All painters soon discover that black is not black. Black is, like any color, a general term used to describe a large range of colors. We have three blacks in our Heavy Body, Fluid and OPEN Acrylics: Carbon Black, Mars Black and Bone Black. While all three of these are nominally black, they are formed in different ways, are chemically different, and have quite different undertones. Carbon Black pigment is usually formed from partial combustion of natural gas and is a nearly pure form of carbon. It is the strongest of our blacks and has a slightly cool undertone. Bone Black, on the other hand, is formed from the burning of animal bones, where impurities provide a slightly warmer undertone. It is also the most translucent of the blacks. Mars Black, a synthetic iron oxide and the warmest, has a slightly brownish undertone.

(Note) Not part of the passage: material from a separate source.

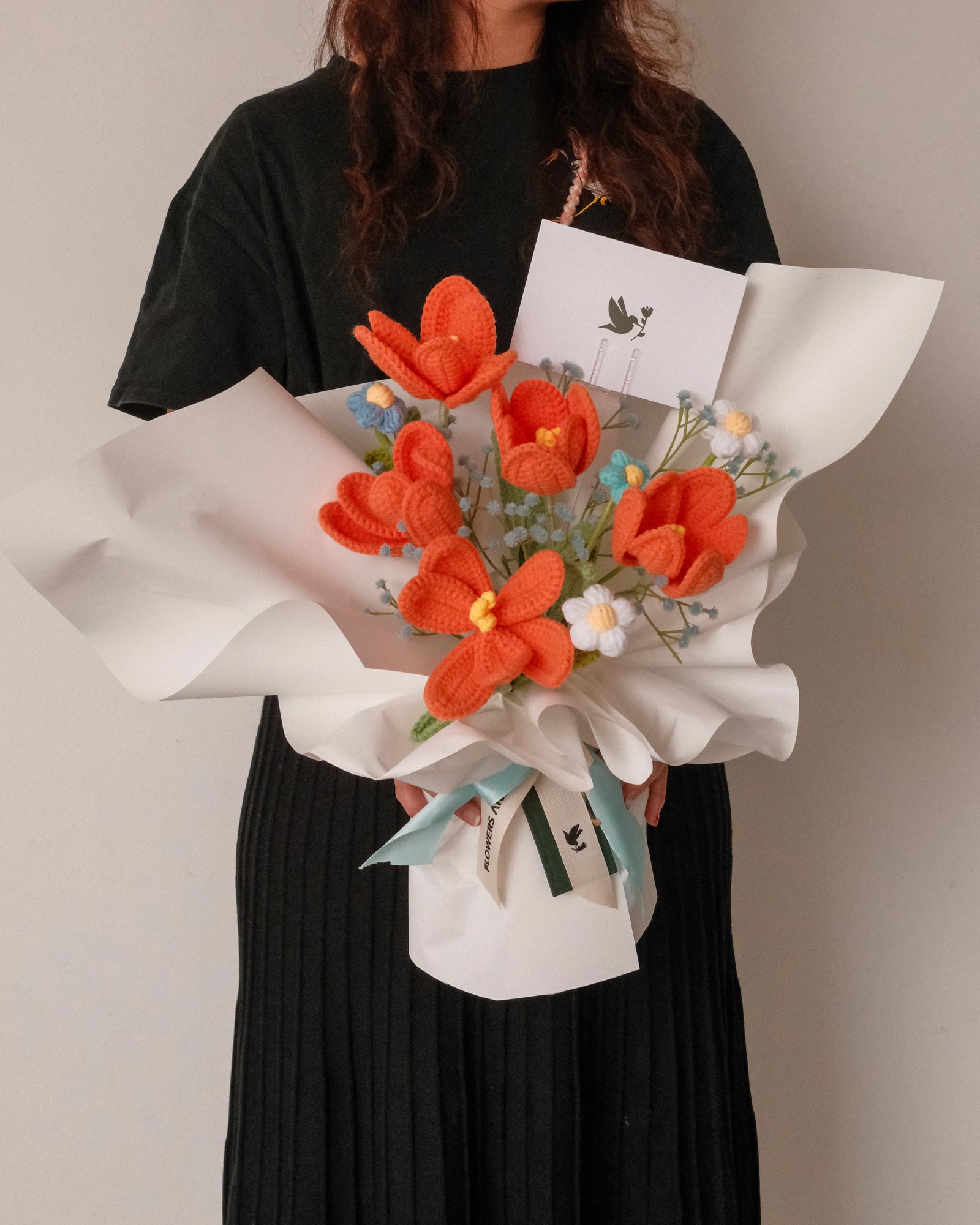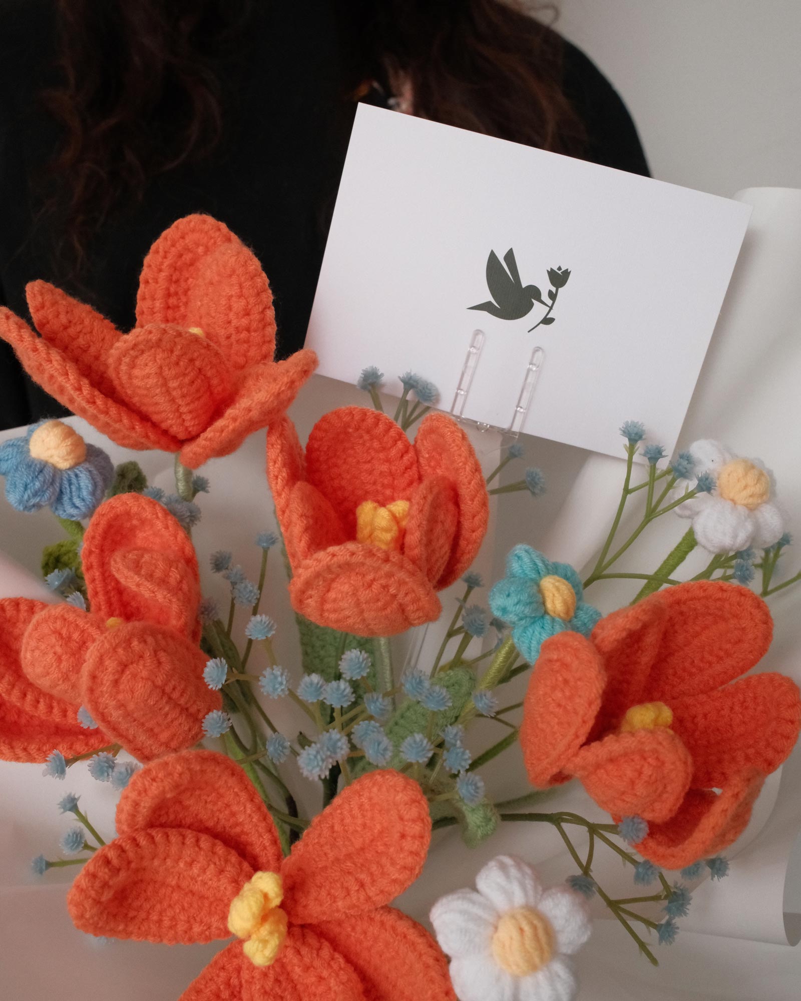 Contains: 5 Crochet Tulips, Mini Crochet Daisies & Other Faux Foliage

There are many instances in painting when a dark color is needed or when we might see a surface or space that our brains are telling us is “black”. Of course, we could reach for one of the three black colors described above, or we could mix a black with compliments, such as Quinacridone Magenta and Phthalo Green (Blue Shade), which will give us a type of chromatic black, that we can then adjust to lean toward the magenta or the green. Our 4 new ‘Experimental’ Chromatic Blacks were created to provide just that type of adjustment. These experimental colors all start with Carbon Black to which we add small amounts of translucent organic pigments to give them a subtle tilt toward a certain hue. As with most of our regular colors, there are no fillers or matting agents added, so the dry surface sheens have a natural variation due to pigment load. The Chromatic Black Blue and Chromatic Black Green are both a bit glossier than the other three Blacks, which tend to have a more satin or semi-gloss surface.
Chromatic Black Red (CBR) and Chromatic Black Yellow (CBY)
These two warm toned Chromatic Blacks appear ever so slightly lighter in value than our Carbon Black, which is the comparison standard I am using. But, it is the color or hue difference that creates most, if not all, of the visible difference when placed side by side. CBR and CBY both appear very similar in mass tone, looking subtly warm, and even a little brownish. It is only when you spread the paint out thinly and add water to make a wash, or medium to create a glaze, that you see the more obvious color lurking in the dark. The CBR is the warmest looking in the undertone, while the CBY takes on a bit of a Sap Green tone and feels cooler. The CBR uses Naphthol Red Light and the CBY contains Nickel Azo Yellow.(CBY)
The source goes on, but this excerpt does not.